___ Extracted information ___

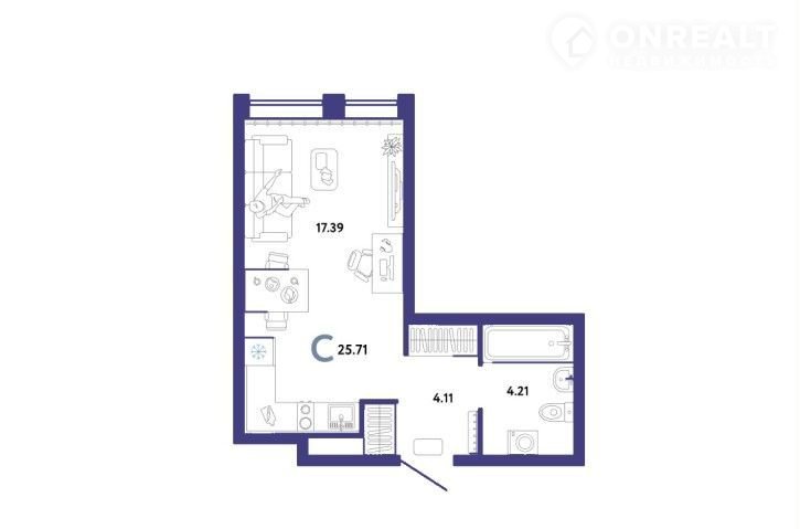 Общая площадь 25.4 м2
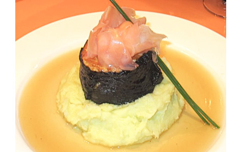 FF got Norwegian salmon again, but as a main course (205 CZK). It was wrapped, maki-style, in nori and then cooked. The fish was served over wasabi mashed potatoes.
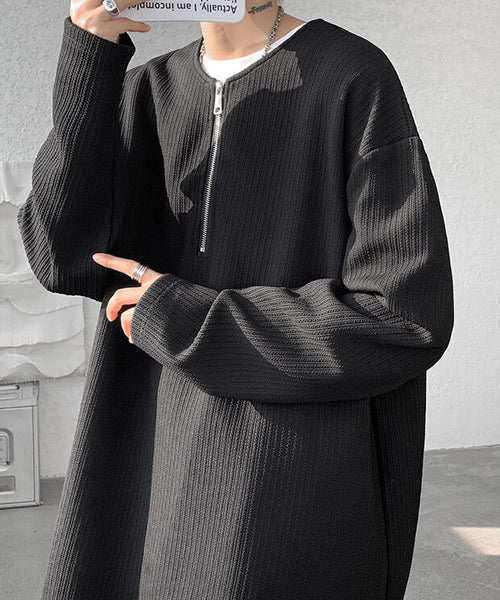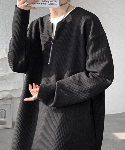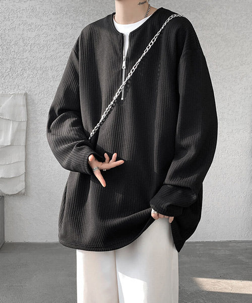 立体感のある生地を使用し、シンプルながら存在感のある表情に仕上げたハーフジップの長袖Tシャツ。
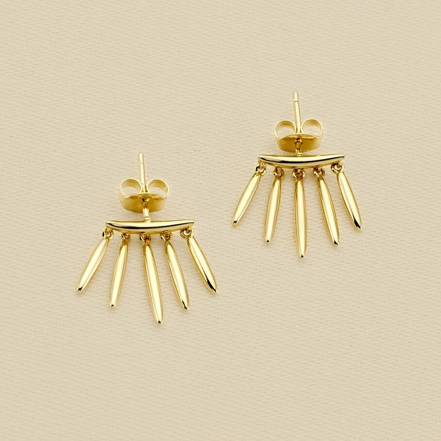 Boucles d’oreilles puces, en argent véritable 925/1000 et dorées 750/1000, ornées d’un rideau de pampilles rayonnantes.
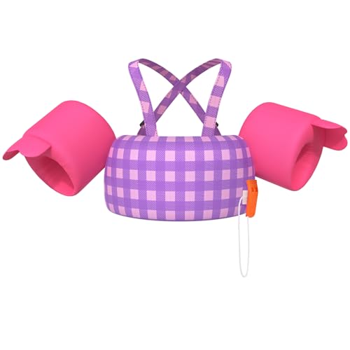 HeySplash Gilet de Natation, Gilet de Natation avec Sangle Réglable pour Enfants de 22-44lbs, Brassard Apprendre à Nager Flotteur de Piscine pour Enfant de 2-6 Ans, Plaid Violet Rose
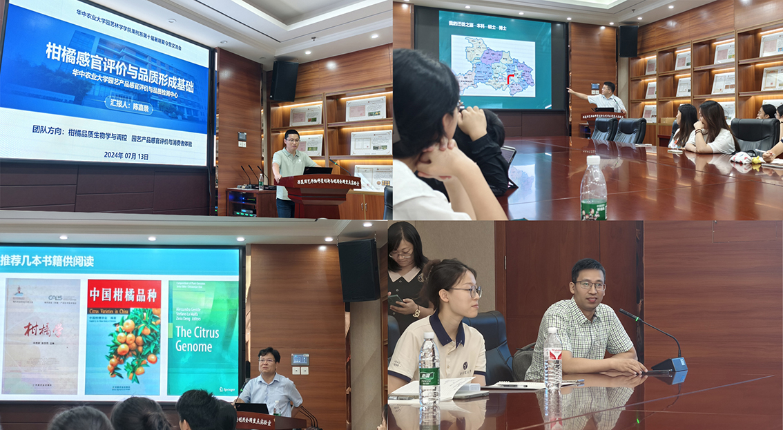 12日和13日两天,柑橘资源与种质创新团队、园艺作物繁殖特性与分子设计团队、柑橘细胞工程与遗传改良团队、园艺产品采后生物学评价与保鲜技术团队、园艺产品感官与消费者体验团队、柿种质资源与新品种选育团队、果树栽培团队等七个学科团队(单元)依次与学员们做了深入交流。柴利军教授介绍了柑橘种质资源发掘及利用、种质创新与遗传改良等方面的最新研究进展;徐强教授和康春颖教授就“好吃”“有益成分”“种植难度”3个方面,讲述团队在基因组数据及分子育种等的科研进展;吴巨勋副教授和伍小萌副教授以二倍体雄性不育胞质体为题,介绍了国际首例柑橘细胞工程直接培育的品种的育种过程;程运江经理和曾云流副教授谈到所属专业团队以柑橘、猕猴桃为对象,通过品质数据库建设、即食控熟技术等研究,采后保鲜和感官体验团队发展势头越来越好;王鹏蔚教授从细胞器功能与果实品质角度出发,引导学员们理解科学的本质就是观察、总结规律和解释原因,最后付诸于技术和产业实践的过程;陈嘉景副教授从园艺产品感官评价的重要性出发,讲述了团队的感官评价的研究进展和实验条件;张青林副教授以柿种质资源为题,讲述了团队在砧穗遗传改良方面的进展;刘继红教授全面介绍了果树栽培团队的组建背景和近年来的最新工作进展及亮点成果。学员们从一场场学术报告中仿佛找到了自己的兴趣点,积极与老师们互动交流,探讨研究背后的生物学意义和产业意义。除此之外,12日和13日每晚都举行了一场学术沙龙,让同学们能够充分的与专业内优秀的年轻科研工作者交流,为同学们生活和学习的各方面答疑解惑。

___

◆ Instructions to follow ◆
When you come to the line containing "Boucles d’oreilles puces, en" in the records above, repeat that line and all lines after it exactly, but not the pictures.

◆ Response area ◆
 Boucles d’oreilles puces, en argent véritable 925/1000 et dorées 750/1000, ornées d’un rideau de pampilles rayonnantes.
 HeySplash Gilet de Natation, Gilet de Natation avec Sangle Réglable pour Enfants de 22-44lbs, Brassard Apprendre à Nager Flotteur de Piscine pour Enfant de 2-6 Ans, Plaid Violet Rose
 12日和13日两天,柑橘资源与种质创新团队、园艺作物繁殖特性与分子设计团队、柑橘细胞工程与遗传改良团队、园艺产品采后生物学评价与保鲜技术团队、园艺产品感官与消费者体验团队、柿种质资源与新品种选育团队、果树栽培团队等七个学科团队(单元)依次与学员们做了深入交流。柴利军教授介绍了柑橘种质资源发掘及利用、种质创新与遗传改良等方面的最新研究进展;徐强教授和康春颖教授就“好吃”“有益成分”“种植难度”3个方面,讲述团队在基因组数据及分子育种等的科研进展;吴巨勋副教授和伍小萌副教授以二倍体雄性不育胞质体为题,介绍了国际首例柑橘细胞工程直接培育的品种的育种过程;程运江经理和曾云流副教授谈到所属专业团队以柑橘、猕猴桃为对象,通过品质数据库建设、即食控熟技术等研究,采后保鲜和感官体验团队发展势头越来越好;王鹏蔚教授从细胞器功能与果实品质角度出发,引导学员们理解科学的本质就是观察、总结规律和解释原因,最后付诸于技术和产业实践的过程;陈嘉景副教授从园艺产品感官评价的重要性出发,讲述了团队的感官评价的研究进展和实验条件;张青林副教授以柿种质资源为题,讲述了团队在砧穗遗传改良方面的进展;刘继红教授全面介绍了果树栽培团队的组建背景和近年来的最新工作进展及亮点成果。学员们从一场场学术报告中仿佛找到了自己的兴趣点,积极与老师们互动交流,探讨研究背后的生物学意义和产业意义。除此之外,12日和13日每晚都举行了一场学术沙龙,让同学们能够充分的与专业内优秀的年轻科研工作者交流,为同学们生活和学习的各方面答疑解惑。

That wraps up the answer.